Edited on Sun Jan-24-10 09:28 AM by flyarm
this bill is shit Paul..it is shit from top to bottom..maybe you can convince the young people "they will change it in reconciliation"..but we older folks know,,those changes never come..or they are worse than the original piece of shit.


This 58 yr old knows damn well..when they take something away..whatever their good reasons are..you never ever ever get it back!

Remember the airlines charging for bags when the Oil prices went up?? That was not very long ago..

Did those fee's get dropped when oil prices came down..fuck no..in fact the poundage of the bags went down from 70 lbs to 50 lbs..and now all the airlines are charging for the bags..bag 1 & 2 and just a few days ago the fee's went up on most airlines for those bags..the airlines are making millions upon millions on the bags alone..and excess poundage..you folks are being gouged. Don't for a minute think those fees will go away.
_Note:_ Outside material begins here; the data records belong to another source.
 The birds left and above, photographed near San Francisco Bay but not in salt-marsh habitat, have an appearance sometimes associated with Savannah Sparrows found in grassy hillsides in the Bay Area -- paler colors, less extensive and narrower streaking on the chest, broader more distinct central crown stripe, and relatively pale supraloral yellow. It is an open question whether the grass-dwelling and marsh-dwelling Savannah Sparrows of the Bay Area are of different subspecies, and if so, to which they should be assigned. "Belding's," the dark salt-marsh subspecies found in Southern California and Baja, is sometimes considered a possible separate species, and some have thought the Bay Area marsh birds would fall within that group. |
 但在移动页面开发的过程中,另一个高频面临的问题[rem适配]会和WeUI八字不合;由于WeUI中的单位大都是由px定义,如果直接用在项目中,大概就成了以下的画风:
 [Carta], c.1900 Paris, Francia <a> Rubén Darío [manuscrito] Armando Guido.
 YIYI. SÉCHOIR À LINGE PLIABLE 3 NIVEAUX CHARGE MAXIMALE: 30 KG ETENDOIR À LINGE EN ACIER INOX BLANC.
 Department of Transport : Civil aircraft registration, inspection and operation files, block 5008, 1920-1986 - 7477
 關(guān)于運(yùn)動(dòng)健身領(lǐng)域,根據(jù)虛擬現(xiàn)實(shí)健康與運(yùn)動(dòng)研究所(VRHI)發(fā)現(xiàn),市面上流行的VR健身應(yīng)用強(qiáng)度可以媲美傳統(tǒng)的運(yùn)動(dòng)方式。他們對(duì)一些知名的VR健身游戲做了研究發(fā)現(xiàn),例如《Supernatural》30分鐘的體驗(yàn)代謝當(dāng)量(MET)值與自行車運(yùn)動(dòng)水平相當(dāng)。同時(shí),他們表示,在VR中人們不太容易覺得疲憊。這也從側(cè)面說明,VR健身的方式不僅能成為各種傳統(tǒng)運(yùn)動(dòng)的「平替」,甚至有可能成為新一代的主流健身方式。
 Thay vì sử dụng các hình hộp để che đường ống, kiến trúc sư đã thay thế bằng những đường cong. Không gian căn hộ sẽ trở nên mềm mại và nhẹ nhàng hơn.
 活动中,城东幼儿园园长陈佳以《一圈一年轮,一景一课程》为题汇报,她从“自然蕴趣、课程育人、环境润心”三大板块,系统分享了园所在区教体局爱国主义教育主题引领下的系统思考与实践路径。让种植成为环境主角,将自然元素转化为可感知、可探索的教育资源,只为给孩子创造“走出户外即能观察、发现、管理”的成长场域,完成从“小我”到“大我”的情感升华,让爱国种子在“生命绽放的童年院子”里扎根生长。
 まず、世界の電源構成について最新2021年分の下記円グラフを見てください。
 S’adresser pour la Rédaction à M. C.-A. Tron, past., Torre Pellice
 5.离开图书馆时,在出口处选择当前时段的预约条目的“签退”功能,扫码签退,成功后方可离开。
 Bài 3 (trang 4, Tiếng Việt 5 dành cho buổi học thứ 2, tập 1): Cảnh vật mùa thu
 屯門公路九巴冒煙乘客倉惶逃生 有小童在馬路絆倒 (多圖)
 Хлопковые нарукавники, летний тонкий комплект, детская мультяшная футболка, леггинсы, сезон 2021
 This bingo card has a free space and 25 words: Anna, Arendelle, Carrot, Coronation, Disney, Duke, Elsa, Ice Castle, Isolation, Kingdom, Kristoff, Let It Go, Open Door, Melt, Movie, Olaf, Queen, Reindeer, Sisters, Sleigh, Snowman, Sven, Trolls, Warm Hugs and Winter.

Now for the middle class there is a penality in the Senate bill for the middle class that has good health care policies..you will be hit with a 40% tax..40%..for having good policies..many of which were concessions and paid for with blood sweat and tears of the American middle class worker..if you pay for any of the policy with your own money..you are already paying for it with "after tax dollars"..so this is like a double tax on the middle class! Do you honestly think when your policies get shredded and become less than what you have today..you will ever get a policy with the coverage you have today again? No .

Whenever they take something away..you never get it back..ever!

Paul knows this , and I am beginning to wonder..is Paul interviewing for someone else's job? Paul was shunned by this White House..is he pandering to them for some reason we don't know..I just wonder..because he is sounding more like a snake oil salesman!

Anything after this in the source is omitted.